** What the task asks **
Transcribe word for word each line from the one containing "Union House, Orangeville, Illinois, USA." to the final line of the data, both included. Skip the pictures.

** Supplied information **
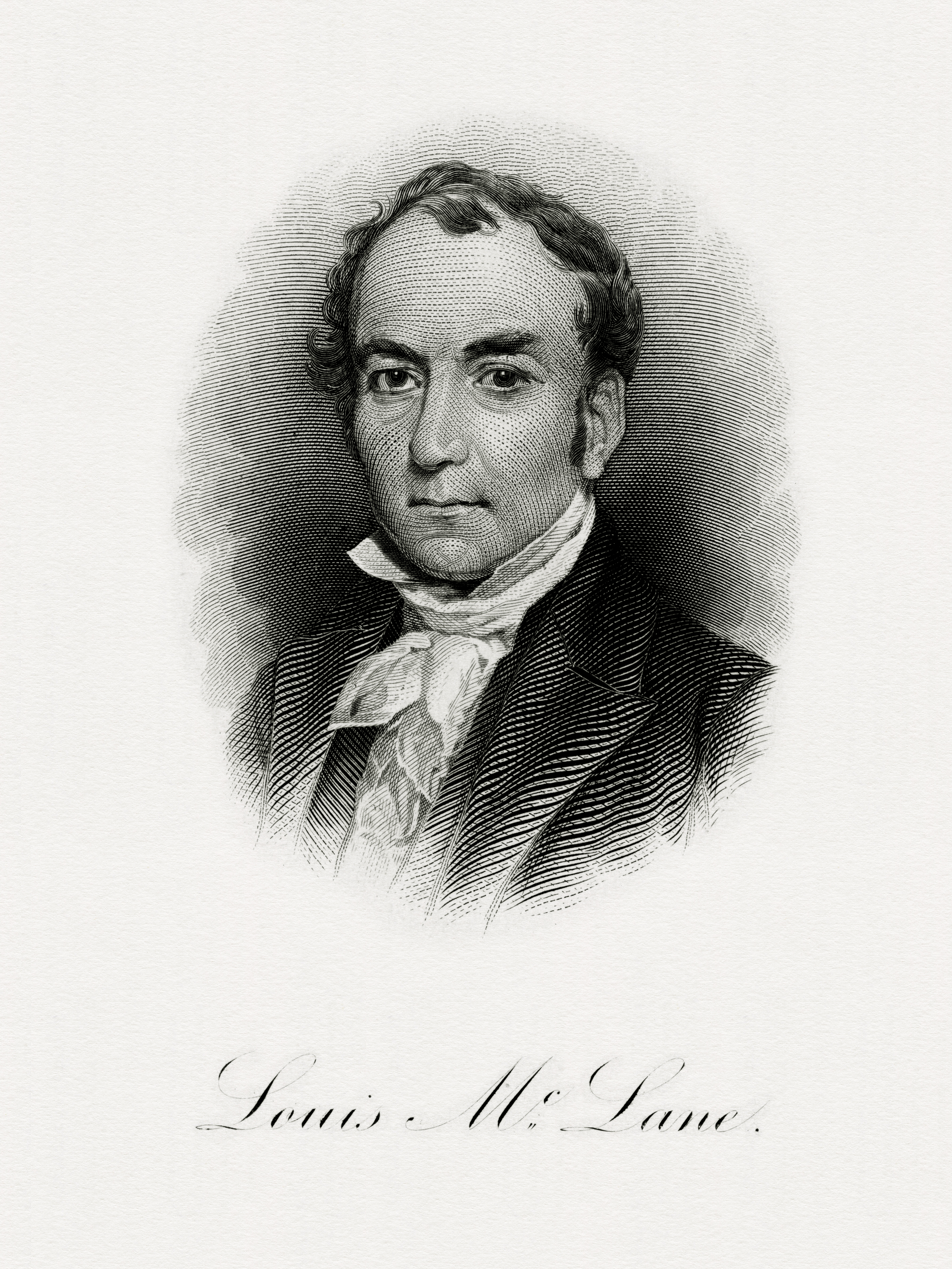 Engraved BEP portrait of U.S. Secretary of the Treasury Louis McLane
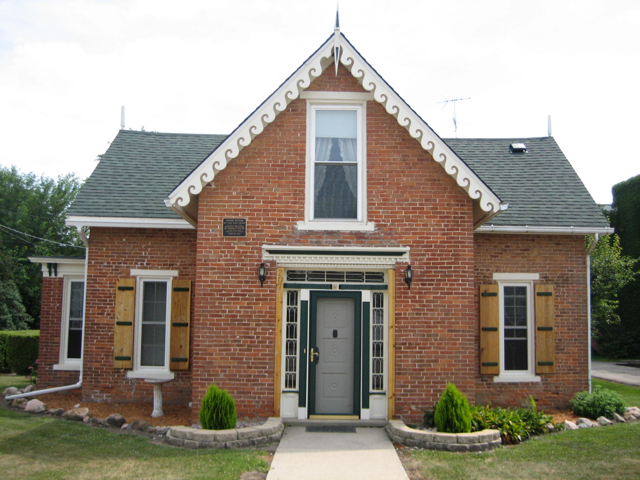 Union House, Orangeville, Illinois, USA. U.S. National Register of Historic Places.
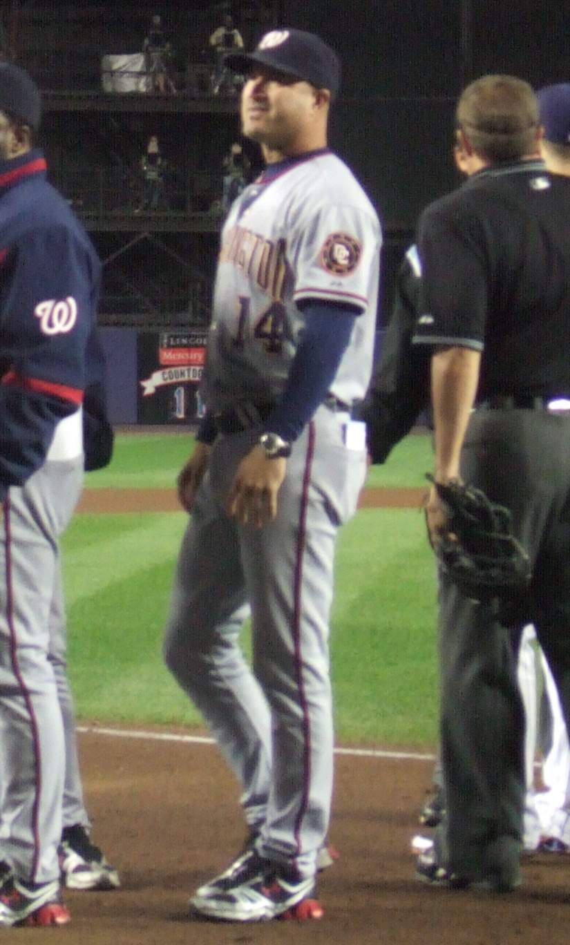 Professional baseball manager Manny Acta of the Washington Nationals, in Shea Stadium, 2008-09-10
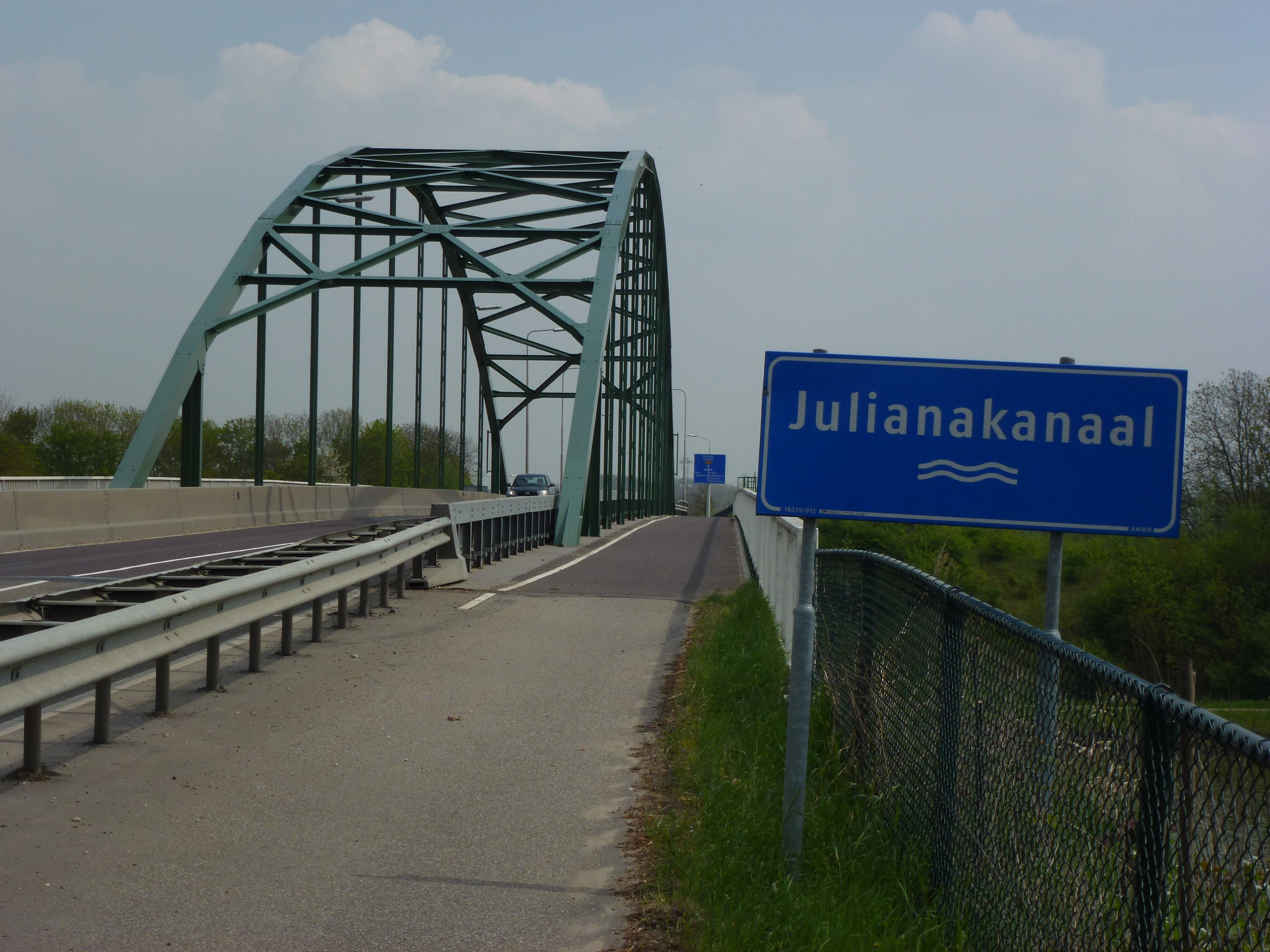 Roosteren (Echt-Susteren) brug over Julianakanaal

** Task result **
 Union House, Orangeville, Illinois, USA. U.S. National Register of Historic Places.
 Professional baseball manager Manny Acta of the Washington Nationals, in Shea Stadium, 2008-09-10
 Roosteren (Echt-Susteren) brug over Julianakanaal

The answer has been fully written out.